[Start of section]
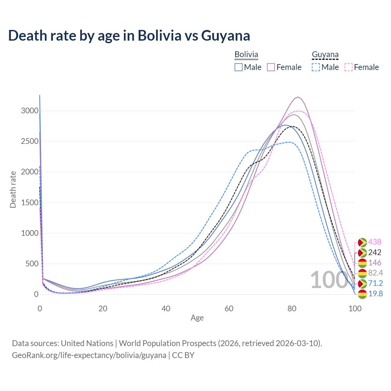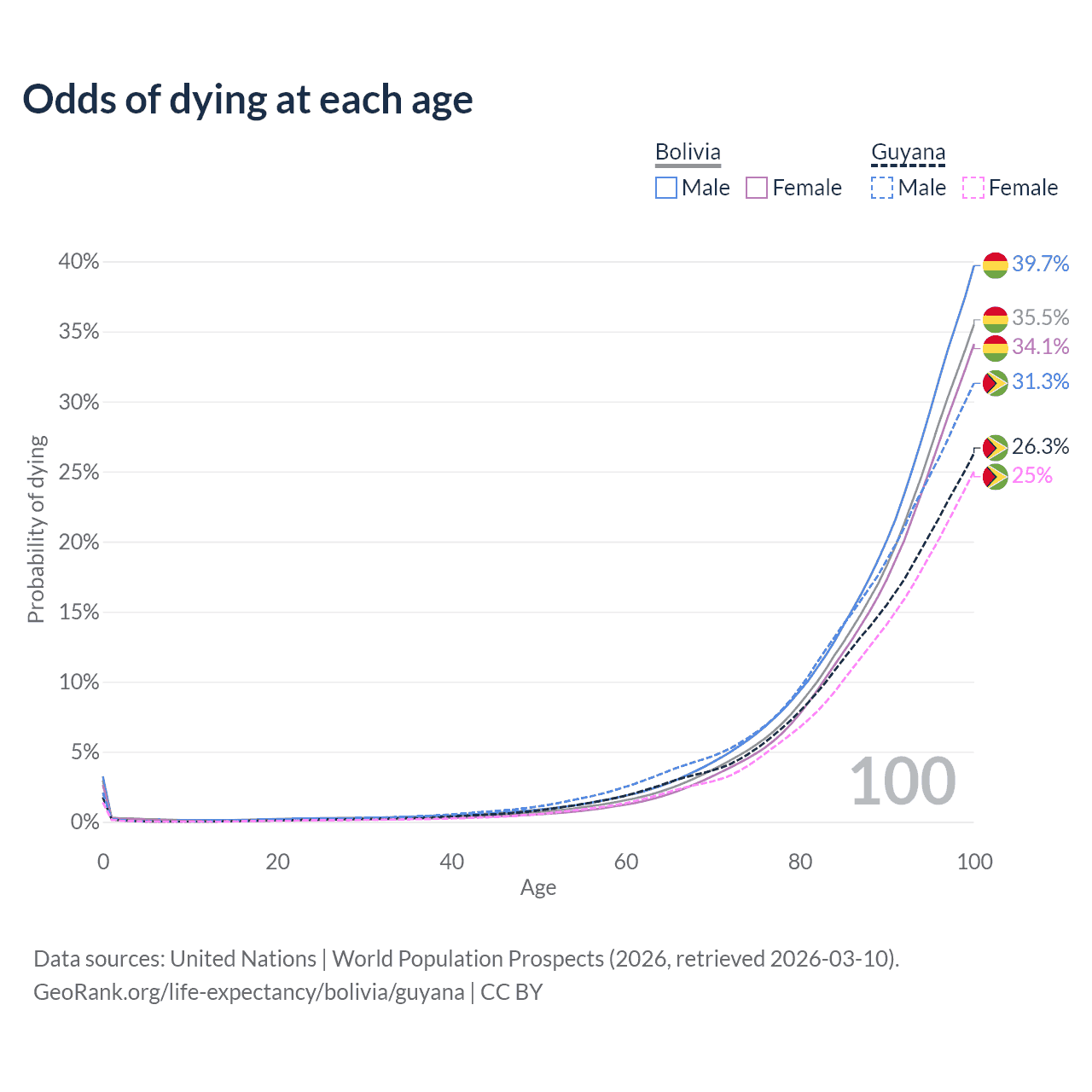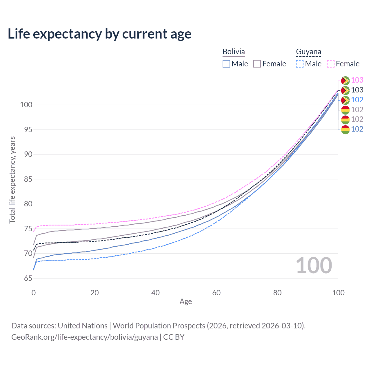 This life expectancy calculator shows the odds of living to 100, 95, 90, and below based on current age for both males and females in Bolivia and Guyana, along with mean and median age of death. The calculations are based on the 2026 life tables (actuarial tables) from the UN World Population Prospects.
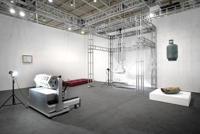 空白空间在本届艺博会上,呈现了日本艺术家毛利悠子(Yoko Mohri)“Decomposition”雕塑系列的最新在地创作。毛利在这件装置作品中选用了于北京当地淘到的古董物件——这一做法与马塞尔·杜尚在最后一件作品中的思路遥相呼应:他特地在拱门搭建中使用了西班牙卡达凯斯的当地砖石。
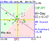 Correlation coefficient indicates very little or no strength in the correlation between SPX and CHFJPY.
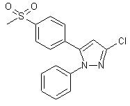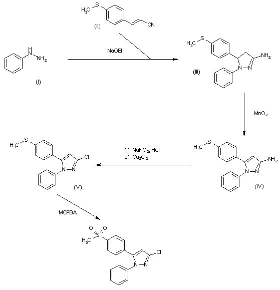 The cyclization of phenylhydrazine (I) with 3-[4-(methylsulfanyl)phenyl]acrylonitrile (II) by means of NaOEt in refluxing ethanol gives the aminopyrazoline (III), which is dehydrogenated by means of MnO2 in dichloromethane to yield the 3-aminopyrazole (IV). The diazotation of (IV) with NaNO2 and HCl in water, followed by a treatment with Cu2Cl2, affords the 3-chloropyrazole (V), which is finally oxidized to the target sulfone by means of MCPBA in dichloromethane.
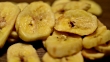 Slide Shot von trockenen Bananenchips auf Holzschreibtischhintergrund.
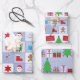 A wrapping paper sheet set built with Christmas square patterns on blue. Customize the pattern sizes among other options.
[End of section]
EXERCISE PROMPT ▸ Set down word for word the lines from the opening of the entries above through the line that contains "Correlation coefficient indicates", and omit every picture.

RESPONSE BELOW ▸
 This life expectancy calculator shows the odds of living to 100, 95, 90, and below based on current age for both males and females in Bolivia and Guyana, along with mean and median age of death. The calculations are based on the 2026 life tables (actuarial tables) from the UN World Population Prospects.
 空白空间在本届艺博会上,呈现了日本艺术家毛利悠子(Yoko Mohri)“Decomposition”雕塑系列的最新在地创作。毛利在这件装置作品中选用了于北京当地淘到的古董物件——这一做法与马塞尔·杜尚在最后一件作品中的思路遥相呼应:他特地在拱门搭建中使用了西班牙卡达凯斯的当地砖石。
 Correlation coefficient indicates very little or no strength in the correlation between SPX and CHFJPY.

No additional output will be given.